## Data extract
============

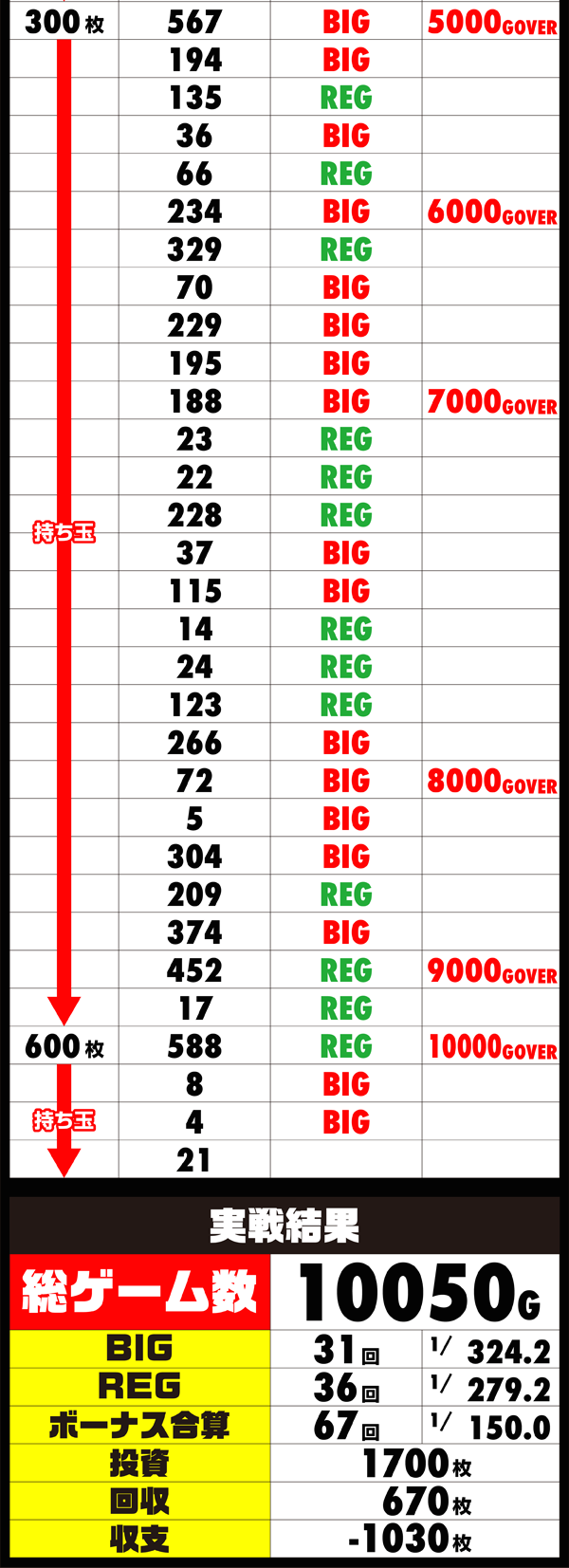 終盤にかけて通常時を消化するペースは落ちていったものの、21時頃には8600Gを突破。適度なハマリでラストスパートをかけながら、ゴールに向かって全力で走り続けた結果は…。
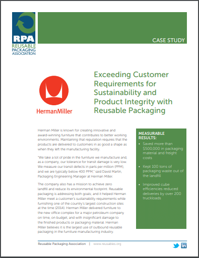 and we are typically below 400 PPM,” said David Martin, Packaging Engineering Manager at Herman Miller. The company also has a mission to achieve zero landfill and reduce its environmental footprint. Reusable packaging is addressing both goals; and it helped Herman Miller meet a customer’s sustainability requirements while furnishing one of the country’s largest construction sites at the time (2014). Herman Miller delivered furniture to the new office complex for a major petroleum company on time, on budget, and with insignificant damage to the finished products or packaging material. Herman Miller believes it is the largest user of outbound reusable packaging in the furniture manufacturing industry.
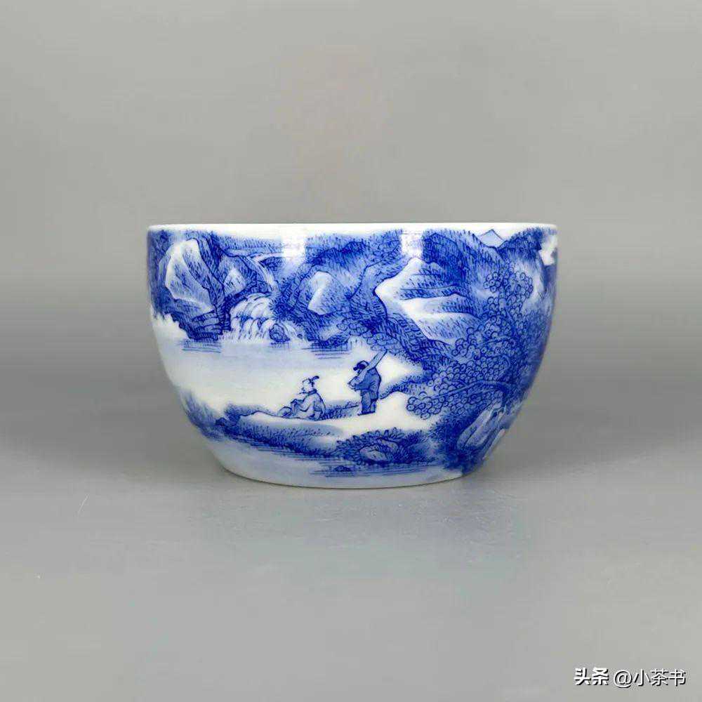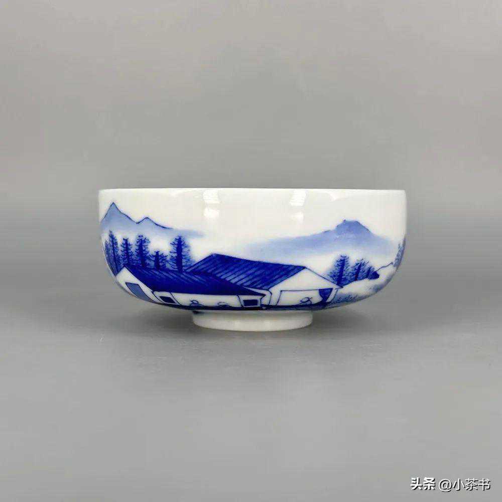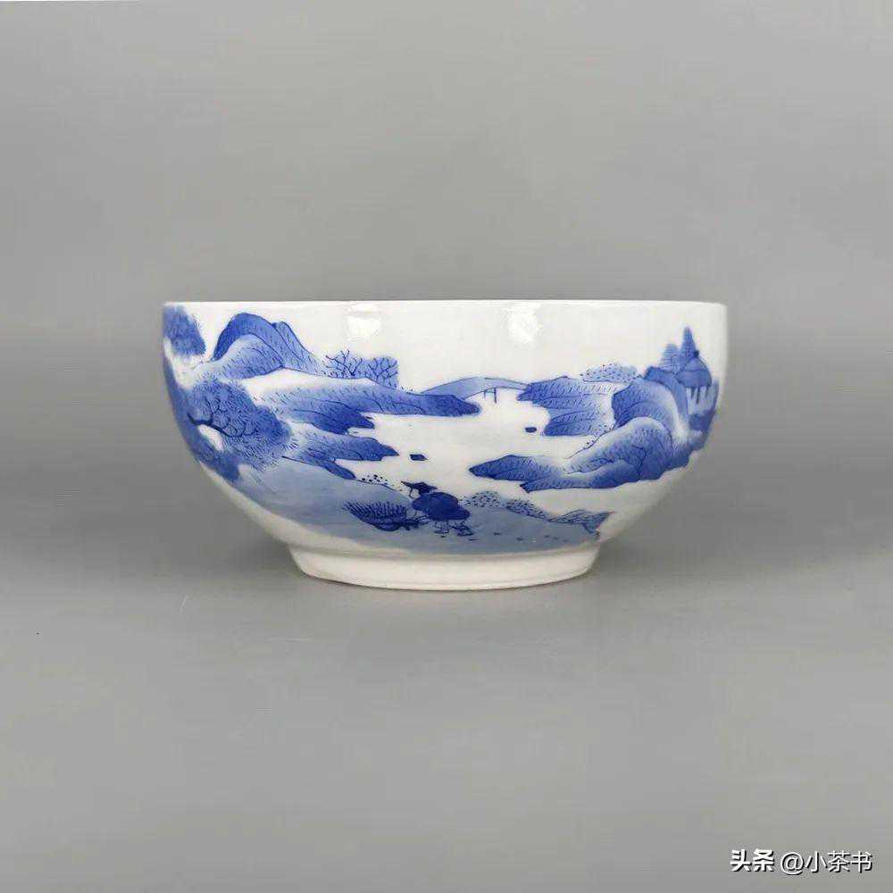 拍品9:青花山水溪山行旅图钵式杯

============

## Your instructions
With the pictures removed, write the listing out word for word.

## Answer box
 終盤にかけて通常時を消化するペースは落ちていったものの、21時頃には8600Gを突破。適度なハマリでラストスパートをかけながら、ゴールに向かって全力で走り続けた結果は…。
 and we are typically below 400 PPM,” said David Martin, Packaging Engineering Manager at Herman Miller. The company also has a mission to achieve zero landfill and reduce its environmental footprint. Reusable packaging is addressing both goals; and it helped Herman Miller meet a customer’s sustainability requirements while furnishing one of the country’s largest construction sites at the time (2014). Herman Miller delivered furniture to the new office complex for a major petroleum company on time, on budget, and with insignificant damage to the finished products or packaging material. Herman Miller believes it is the largest user of outbound reusable packaging in the furniture manufacturing industry.
 拍品9:青花山水溪山行旅图钵式杯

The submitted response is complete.